Center for Computational Biology, University of California Berkeley, Berkeley, California, United States of America.
Department of Mathematics, University of California Berkeley, Berkeley, California, United States of America.
PLoS Comput Biol. 2024 Nov 5;20(11):e1012526. doi: 10.1371/journal.pcbi.1012526. eCollection 2024 Nov.
Protein domain annotation is typically done by predictive models such as HMMs trained on sequence motifs. However, sequence-based annotation methods are prone to error, particularly in calling domain boundaries and motifs within them. These methods are limited by a lack of structural information accessible to the model. With the advent of deep learning-based protein structure prediction, existing sequenced-based domain annotation methods can be improved by taking into account the geometry of protein structures. We develop dimensionality reduction methods to annotate repeat units of the Leucine Rich Repeat solenoid domain. The methods are able to correct mistakes made by existing machine learning-based annotation tools and enable the automated detection of hairpin loops and structural anomalies in the solenoid. The methods are applied to 127 predicted structures of LRR-containing intracellular innate immune proteins in the model plant Arabidopsis thaliana and validated against a benchmark dataset of 172 manually-annotated LRR domains.

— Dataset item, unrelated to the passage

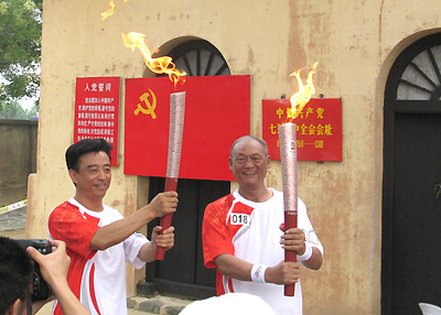 Wu Xianguo(L), the mayor of Sijiazhuang, poses with Zhao Weizhong, a retired military general, in front of the site of the Second Plenary Session of the Seventh Central Committee of the Communist Party of China. The Olympic torch relay began in Xibaipo, a small village 95 km northwest of Shijiangzhuang, Hebei province, on July 29, 2008. [Xinhua]

蛋白质结构域注释通常通过基于序列模式的预测模型(如 HMM)来完成。然而,基于序列的注释方法容易出错,尤其是在调用结构域边界和其中的基序时。这些方法受到模型无法获取结构信息的限制。随着基于深度学习的蛋白质结构预测的出现,现有的基于序列的结构域注释方法可以通过考虑蛋白质结构的几何形状来得到改进。我们开发了降维方法来注释亮氨酸丰富重复螺线管结构域的重复单元。这些方法能够纠正现有基于机器学习的注释工具所犯的错误,并能够自动检测螺线管中的发夹环和结构异常。该方法应用于模式植物拟南芥中 127 个预测的含有 LRR 的细胞内先天免疫蛋白结构,并针对 172 个手动注释的 LRR 结构域的基准数据集进行验证。